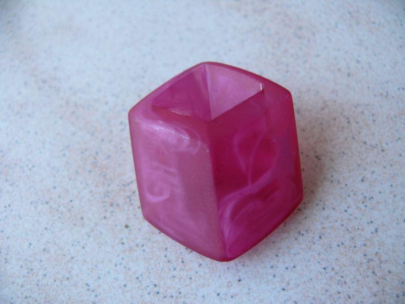 | Popis:- umělohmotný šátkový průvlak zajímavého tvaru - popsat tento tvar slovy je dost složité, tak si prosím v případě zájmu rozklikněte průvlak č.1684 perleťový světle zelený, tam jsou fota v detailu - vel. 3,5 x 4,5 - vel. otvoru 2,4 x 1,7 - barva základu sytě růžová mat. místy prolínaná světlejší růžovou ... skladem 2 ks ... |
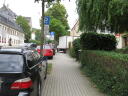 ♦ Die Strecke parallel zur Augustusburger Straße wird immer gern als Beispiel für 'Radführung abseits der Hauptstraße' genannt. Hier eine Mischfläche, weil einfach zu wenig Platz ist.
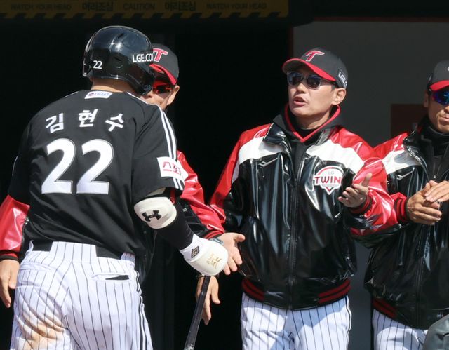 김현수는 지난달 27일 잠실 한화전 8회 2사 만루에서 2타점 결승타를 친 다음 날 선발 명단에서 또 제외됐다. 염 감독은 상대 왼손 선발 투수(로건 앨런)가 나서는 데다, 휴식 차원의 결정이라고 설명했다. 같은 날 4경기 연속 무안타에 그친 좌타자 오지환을 빼고 우타자 구본혁을 내보냈다.
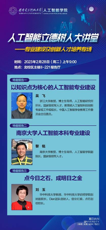 特邀报告|“人工智能立德树人大讲堂”之专业建设及创新人才培养专场明日开讲
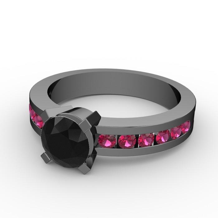 Siyah zirkon ve rodolit garnet 925 ayar siyah rodyum kaplama gümüş yüzük
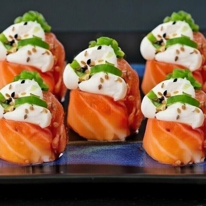 Tartar de salmão, arroz, alga nori, óleo de gergelim, gergelim torrado, cream cheese e cebolinha
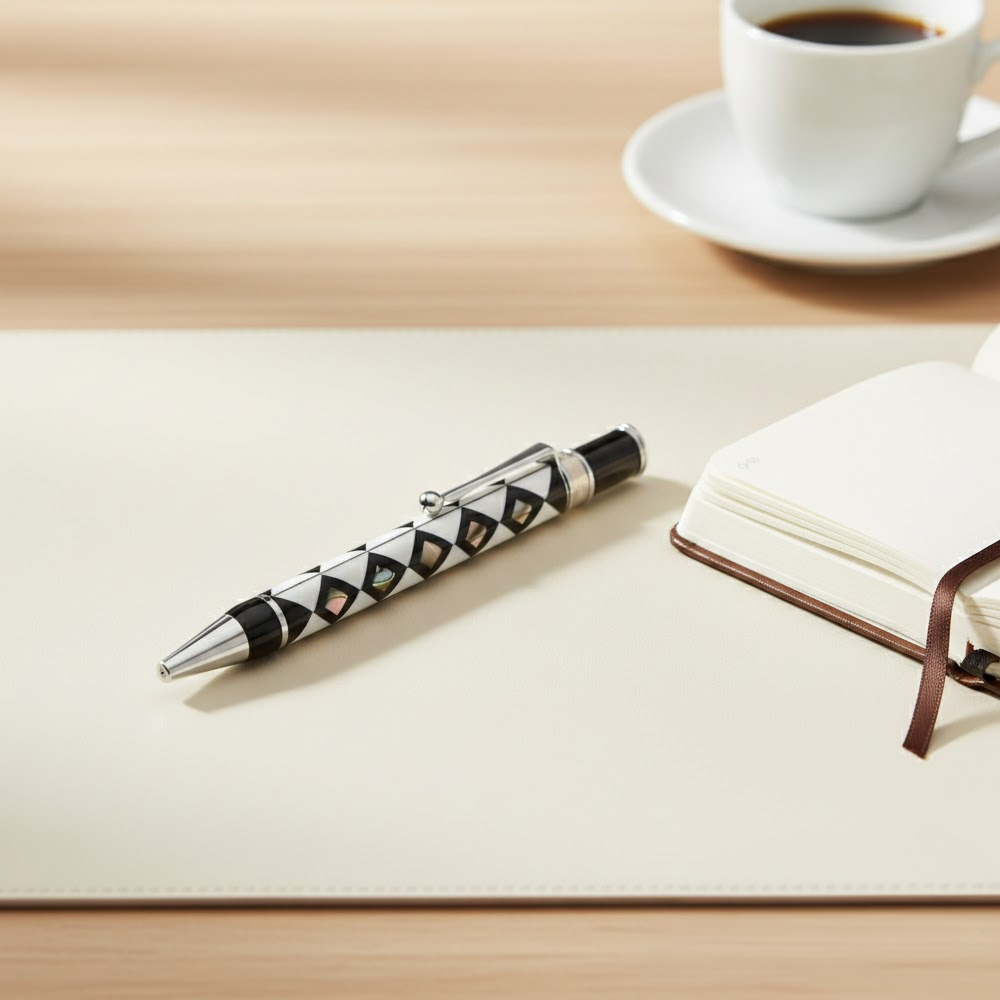 • Η νέα συλλογή στυλό "Pearl Pen" έχει ως υλικό κατασκευής "Mother Of Pearl" το οποίο είναι το εσωτερικό τμήμα μαργαριτοφόρου οστράκου.
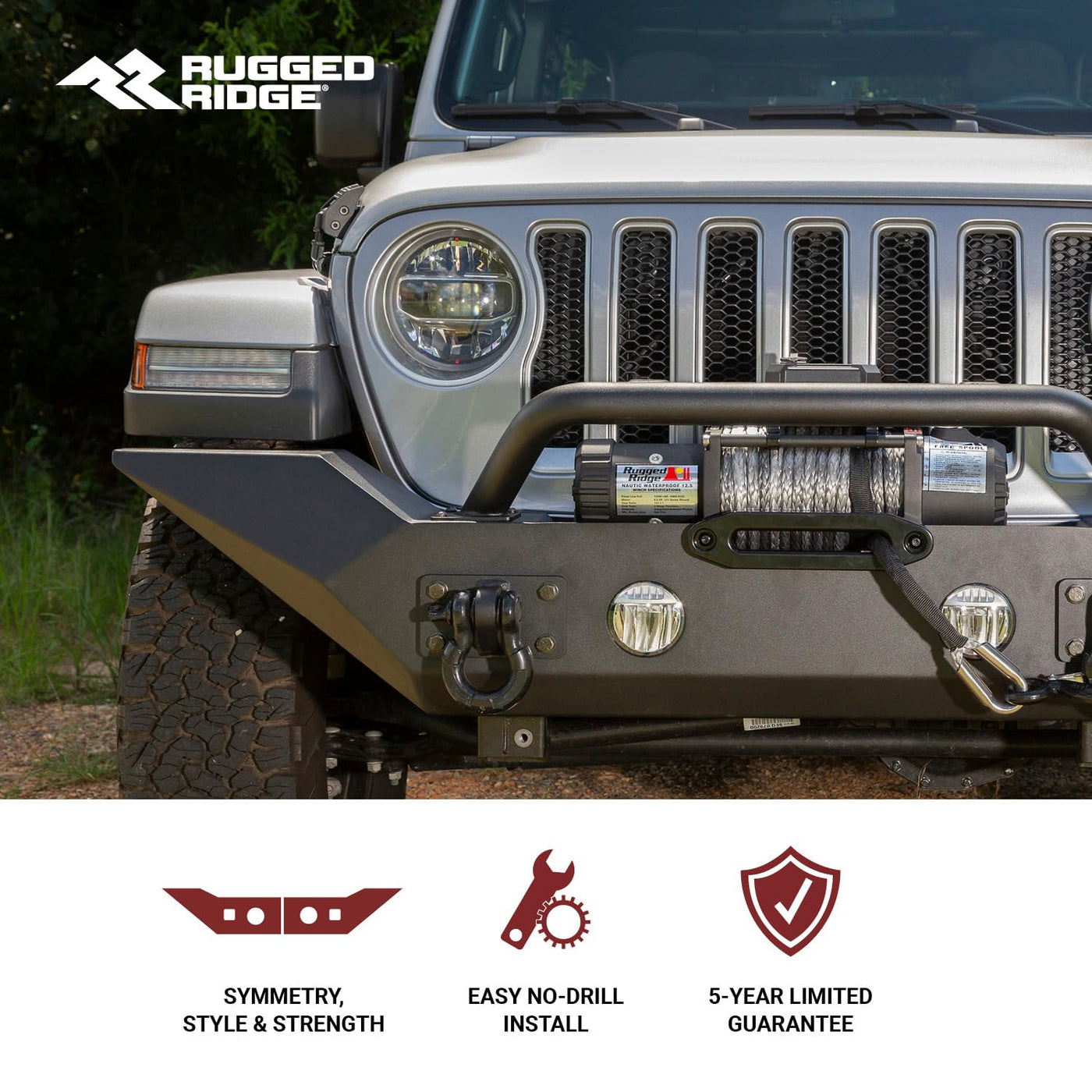 Q: What kind of warranty does the Rugged Ridge Spartan bumper come with?A: The Rugged Ridge Spartan bumper is backed by a five-year warranty, providing peace of mind with your purchase and assuring you of its quality and durability.
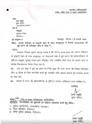 हल्द्वानी के बनभूलपुरा में हुई घटना को लेकर मजिस्ट्रेट जांच के आदेश
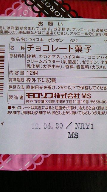 いつもお世話になっています。 前回はヴィトンのバック【あげます】でお世話になりました☆ 今回は、モロゾフのウイスキーボンボンチョコレートの【あげます】です。 私の祖母が生協で頼んだもので、『あんたから旦那にあげたら?』と渡されたのですが、私は毎年手作りして旦那や周りに配っているので余ってしまいました(>_<) 自分で食べようかとも思いましたが、ウイスキーは苦手で食べれません(旦那も) 捨ててしまうのももったいないので、どなたか一名さまにプレゼントしたいと思います。 今回はバレンタインということで、送料無料です。

^^^^^^^^^^^^^^^^

Copy exactly the lines running from the line with "Siyah zirkon ve" to the final line of the listing, keeping both ends and dropping any picture.

SOLUTION TO THE PROBLEM:
 Siyah zirkon ve rodolit garnet 925 ayar siyah rodyum kaplama gümüş yüzük
 Tartar de salmão, arroz, alga nori, óleo de gergelim, gergelim torrado, cream cheese e cebolinha
 • Η νέα συλλογή στυλό "Pearl Pen" έχει ως υλικό κατασκευής "Mother Of Pearl" το οποίο είναι το εσωτερικό τμήμα μαργαριτοφόρου οστράκου.
 Q: What kind of warranty does the Rugged Ridge Spartan bumper come with?A: The Rugged Ridge Spartan bumper is backed by a five-year warranty, providing peace of mind with your purchase and assuring you of its quality and durability.
 हल्द्वानी के बनभूलपुरा में हुई घटना को लेकर मजिस्ट्रेट जांच के आदेश
 いつもお世話になっています。 前回はヴィトンのバック【あげます】でお世話になりました☆ 今回は、モロゾフのウイスキーボンボンチョコレートの【あげます】です。 私の祖母が生協で頼んだもので、『あんたから旦那にあげたら?』と渡されたのですが、私は毎年手作りして旦那や周りに配っているので余ってしまいました(>_<) 自分で食べようかとも思いましたが、ウイスキーは苦手で食べれません(旦那も) 捨ててしまうのももったいないので、どなたか一名さまにプレゼントしたいと思います。 今回はバレンタインということで、送料無料です。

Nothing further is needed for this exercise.